JENDELAISLAM.ID – Kita semua sudah hafal di luar kepala tentang rukun iman.  Sejak kecil, kita sudah diajarkan hal ini.  Hanya saja dalam keseharian ucapan dan perilaku kita mungkin masih jauh dari bunyi rukun iman yang simpel itu.

Jangan-jangan kita mengimani Tuhan sekedar seperti imannya seorang pemabuk. Kita menghadirkan Tuhan bila mendapat sesuatu yang baik, dan pada kejap berikutnya melupakannya bahkan mengumpat-umpat-Nya ketika mendapatkan kemalangan.

Kita puji Tuhan semau kita, sebagaimana semau kita melupakannya,  “Adapun manusia apabila Tuhannya mengujinya lalu dimuliakan-Nya dan diberi kesenangan, maka dia berkata, “Tuhanku memuliakanku”. Adapun bila Tuhannya menguji-Nya lalu membatasi rezekinya,  dia berkata, “Tuhanku menghinakanku” (QS. al-Fajr: 15-16).

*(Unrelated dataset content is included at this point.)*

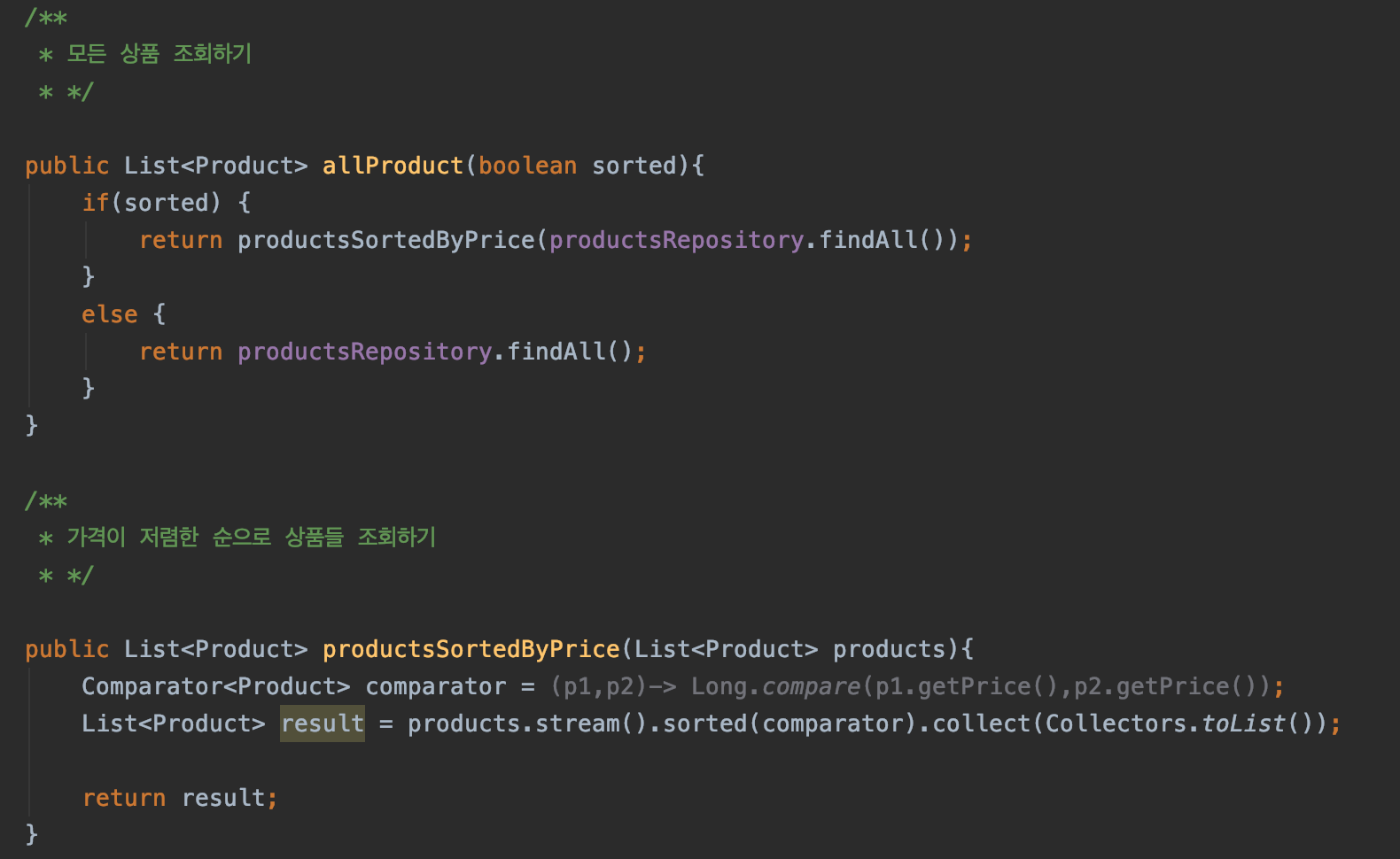 2)상품조회 (가격 기준으로 정렬 유무를 선택할 수 있음)
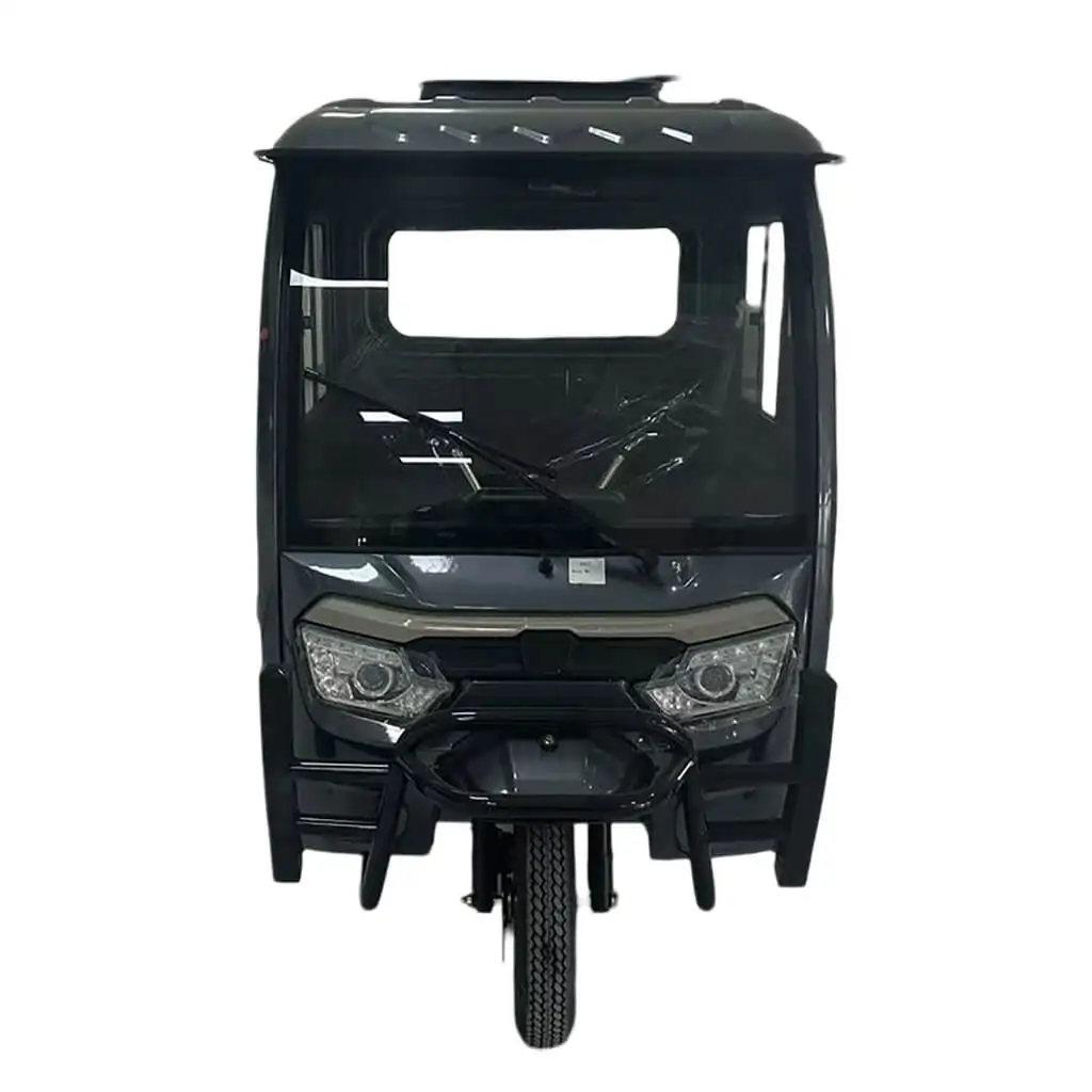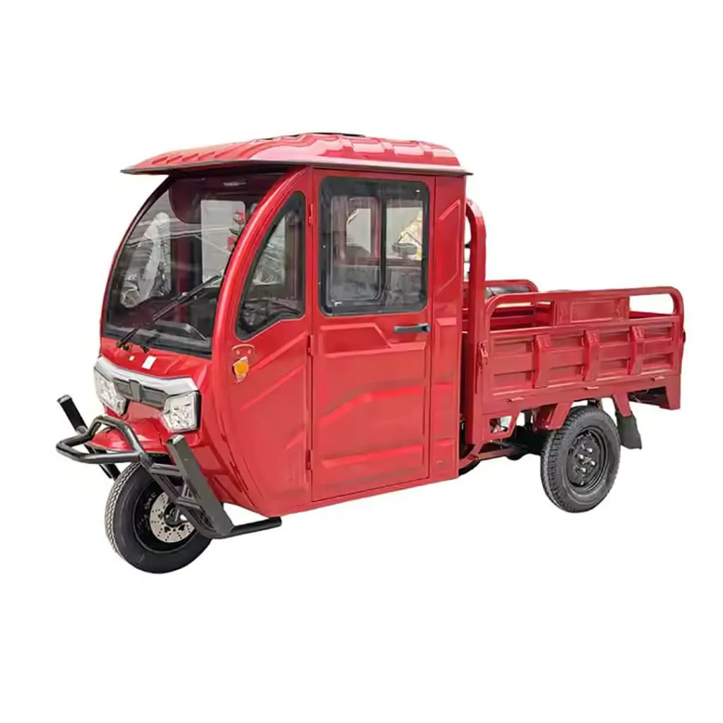 With a fully enclosed cabin – canopy with two doors left – right, wide driver – passenger seat and electric windshield wiper.

Jadi, baik buruknya Tuhan tergantung pada nasib yang kita terima. Bila mujur, ya berterima kasih dengan mengatakan “Tuhanku memuliakanku” atau “God Loves Me”, tetapi bila sial, mulut kita melecehkan-Nya.

Sungguh, alangkah bodohnya bila pemahaman kita tentang Tuhan seperti ini. Sebab kita mempermainkan seenaknya. Tuhan kita paksa untuk memahami kemauan kita, padahal kitalah yang seharusnya menuruti kemauan Tuhan. 

Ini artinya kita sejatinya mempercayai Tuhan, tapi belum meletakkan pada porsi yang sesungguhnya. Iman kita sebatas di bibir, sedang perilaku kita jauh dari kata itu. Kita mengaku percaya, sementara saat yang sama, kita bermaksiyat, mengumpat, menyalahkan Tuhan,  dan enggan berintrospeksi diri.  

Kita tak tahu ada di mana posisi kita; Apakah kita selalu menghadirkan Tuhan di semua lini kehidupan kita dalam arti yang sesungguhnya atau tidak?  Ataukah kita sekadar menghadirkan Tuhan semau kita saja saat melakukan berbagai ritus agama semata?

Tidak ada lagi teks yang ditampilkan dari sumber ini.